Summary: CRISPR gene editing has allowed researchers to prevent angiogenesis of the retina occurring in mice. Researchers say the new technology could help prevent vision loss in those with retinal diseases.
Source: Mass Eye and Ear.
Powerful new technology may lead to novel therapies to prevent vision loss, blindness in those with diseases of the retina.
A research team from the Schepens Eye Research Institute of Massachusetts Eye and Ear has successfully prevented mice from developing angiogenesis of the retina—the sensory tissue at the back of the eye—using gene-editing techniques with CRISPR-Cas9. Angiogenesis causes vision loss and blindness and is a feature of several degenerative eye conditions, including proliferative diabetic retinopathy (PDR), wet age-related macular degeneration (AMD), and retinopathy of prematurity (ROP). In a report published online today in Nature Communications, the researchers present a novel gene-editing technique to prevent retinal angiogenesis, which could lead to the development of new therapies for eye conditions marked by pathological intraocular angiogenesis.
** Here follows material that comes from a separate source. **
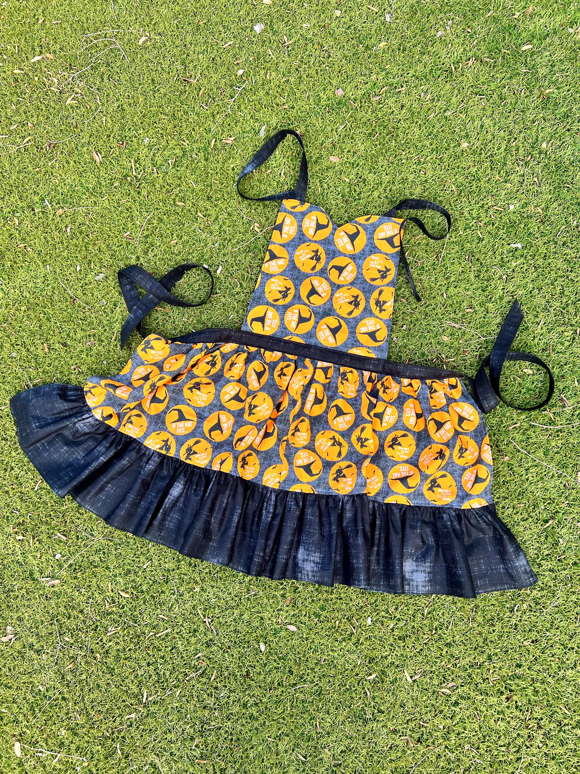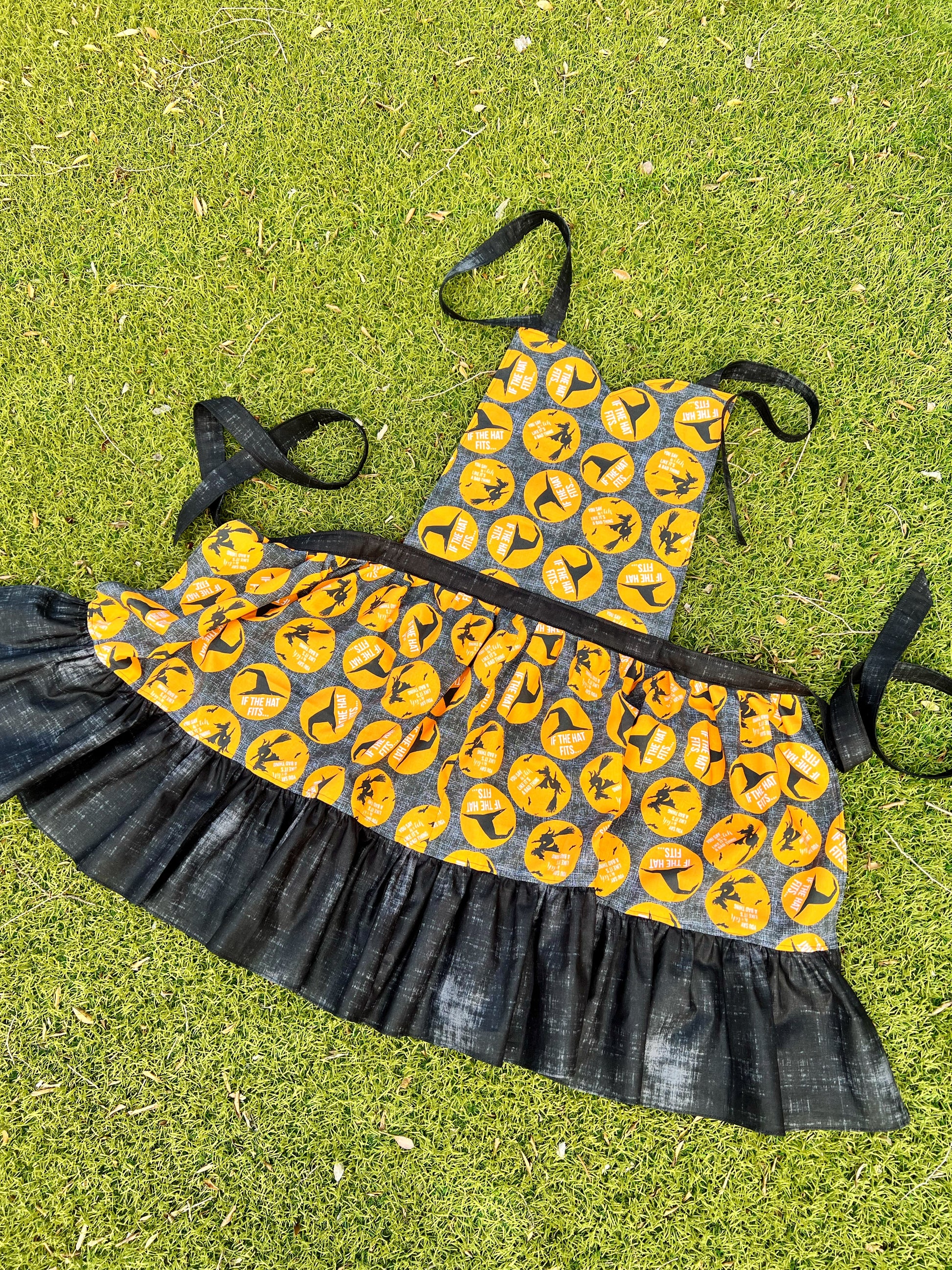 This apron is approximately 31” long and 30” wide with a 70” strap.

Despite the success of vascular endothelial cell growth factor (VEGF) inhibiting agents (e.g. Lucentis®, Eylea®) in reducing neovascular growth and lessening vascular leakage in retinal diseases such as PDR and AMD, several therapeutic challenges remain—namely a need for sustained treatment and a modality to treat the significant number of patients who do not respond to anti-VEGF therapies.
“We know that vascular endothelial growth factor (VEGF) receptor 2 (VEGFR2) plays an essential role in angiogenesis,” said corresponding author Hetian Lei, Ph.D., Assistant Scientist at Schepens Eye Research Institute of Mass. Eye and Ear and Assistant Professor of Ophthalmology at Harvard Medical School. “The CRISPR-Cas9 system to can be utilized to edit the VEGFR2 gene, preventing intraocular pathological angiogenesis.”
A feature of various eye diseases, pathological intraocular angiogenesis presents clinically when blood vessels in the retina (the structure in the back of the eye that senses and perceives light) begin to grow new, abnormal blood vessels on the surface of the retina. As the damage progresses, these vessels can leak, rupture, or cause retinal detachment leading to impaired vision.
CRISPR-Cas9 is a powerful new technology that can target and edit certain aspects of the genome, or the complete set of genetic material of an organism. In the Nature Communications report, study authors used an adeno-associated virus (AAV) to deliver genomic edits to target VEGFR2, a critical protein responsible for angiogenesis. A single injection of this therapy was able to prevent retinal angiogenesis in preclinical models.
“As this genomic editing gains traction in virtually all medical fields, we are cautiously optimistic that this powerful tool may present a novel therapy to prevent vision loss in eye disease marked by intraocular pathological angiogenesis,” said Dr. Lei. “While further study is needed to determine safety and efficacy of this approach, our work shows that the CRISPR-Cas9 system is a precise and efficient tool with the potential to treat angiogenesis-associated diseases.”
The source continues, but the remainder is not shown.